実は日本では1987年の労働基準法改正により翌年88年4月から導入された経緯を持つ、わりと古い制度の一つなのです。
労働時間を労働者自身が決定できる制度
「フレックスタイム制」とは、以下のような働き方のことです。
ざっくりいうと「働く時間を自分で決めてくださいね!」という制度のことです。
とはいえ、全く自由に決めることができるのではなく「1箇月以内の一定の期間の総労働時間を定めて」おき、その総労働時間の範囲において自分の労働時間を決めることができるというわけです。
また、フレックスタイム制を導入している企業では「コアタイム」を取り入れることがあります。
■ *1「フレックスタイム制の適切な導入のために」東京労働局労働基準部・労働基準監督署/2014.3
https://jsite.mhlw.go.jp/tokyo-roudoukyoku/library/2014318104110.pdf
「コアタイム」を設けることが多い
「コアタイム」とは、1日の労働時間のうち「必ず勤務すべき時間帯」のことです。弊社でも「コアタイム」を設定しています(11:00〜16:00)。
お客様とのご連絡や、社内でのやりとりを円滑に行うにあたり弊社では「コアタイム」が必要だと判断し設けているわけですが、しかし「コアタイム」は必ず設定しなければならないわけではありません。フレックスタイム制を導入しつつもコアタイムを設けていない企業も存在します。
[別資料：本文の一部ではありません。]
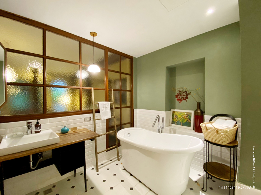 還有很大的衛室、有浴缸有乾濕分離,格子花玻木窗是不是很有味道、唯一覺得格格不入的是綠牆上的紅玫瑰跟花瓶、個人沒有很喜歡
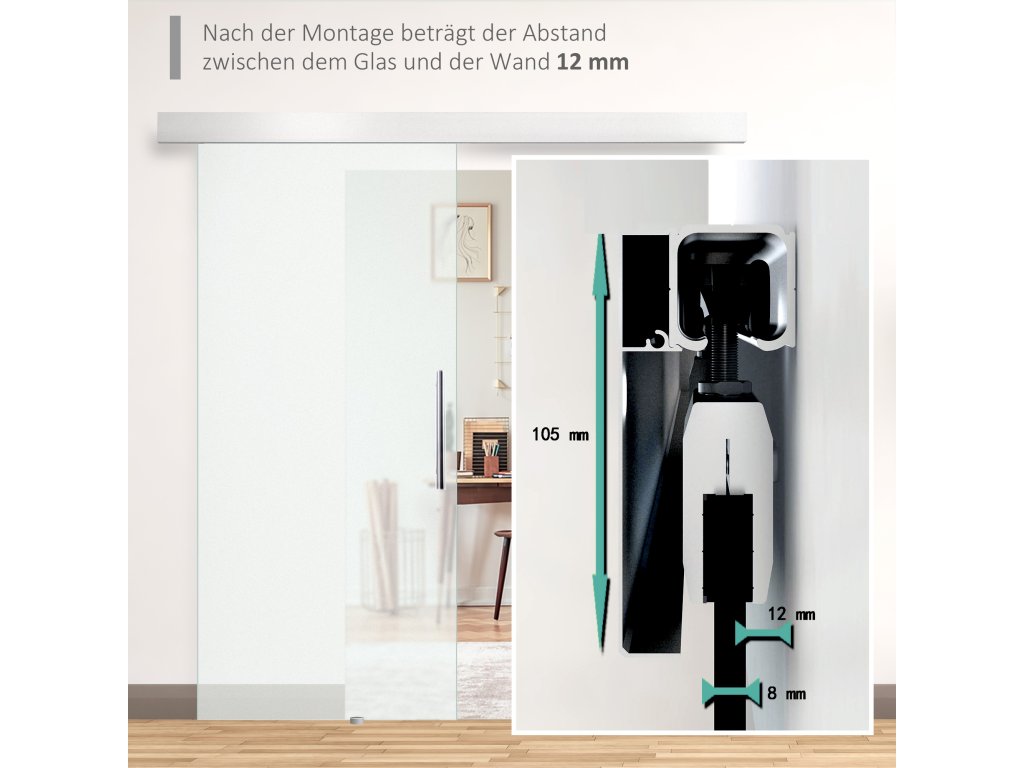 - Po instalaci je vzdálenost mezi skleněnými dveřmi a stěnou 12 mm

ちなみに「コアタイム」以外の時間帯を「フレキシブルタイム」と呼ぶ場合が多いようです。
「フレックスタイム制」のメリット
自由に働けるなんてステキ!そんなイメージが漠然と漂う「フレックスタイム制」。
では具体的に「フレックスタイム制」のメリットはどこにあるのでしょうか?
勤務時間を「個人の裁量で管理」できる
やはり「フレックスタイム制」のいちばんのメリットは「勤務時間を個人の裁量で管理」できる点にあるでしょう。
弊社でも11:00〜16:00のコアタイムにさえ出勤していれば、あとは何時に出社・退社しようが問題ありません。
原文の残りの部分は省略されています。